In 1976, after a period working for industrial designer and architect Marcello Nizzoli, Mendini established Studio Alchimia, an avant-garde multidisciplinary group that worked across architecture, industrial design, and performance. Its notable members included Alessandro Guerriero, Andrea Branzi, and Ettore Sottsass (Sottssas would later break from Studio Alchimia to form the influential Memphis Group). During this period, Mendini also served as the editor of publications including Casabella and Domus where these new Postmodern ideas were both disseminated and critiqued.

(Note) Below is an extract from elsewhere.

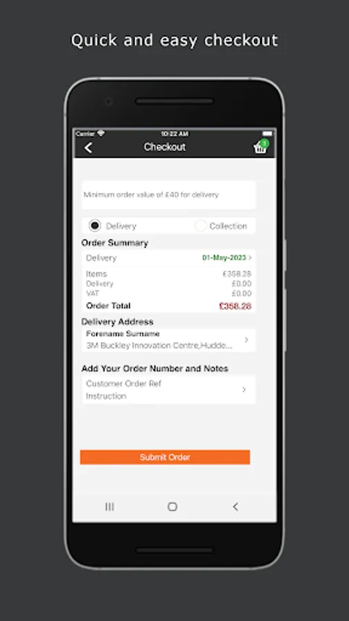 - Place your order, then click and submit (partial orders can also be saved in the cloud to finish at a later date, on any compatible device)

Mendini designed some of the most iconic works of the period—many of which took historical references and turned them upside down. His best known work, the Proust chair, created in the late 1970s, references both 19th-century Baroque furnishings and the paintings of Paul Signac. But here, the artist’s Pointillist brushstrokes are blown up into polychromatic confetti. In Mendini’s world, “furnishing becomes the theater of private life,” as he told the Italian magazine Arbitare in 1998.

Mendini’s buildings were no less dramatic. In 1989, with his brother Francesco, he opened Atelier Mendini in Milan. The duo perhaps became best known for the canary-yellow tower of the Groninger Museum campus in the Netherlands (1994), a collaboration with Philippe Starck, Coop Himmelb(l)au, and Michele de Lucchi. Through this genre of architecture, “we want to give feelings,” the brothers wrote on the studio’s website.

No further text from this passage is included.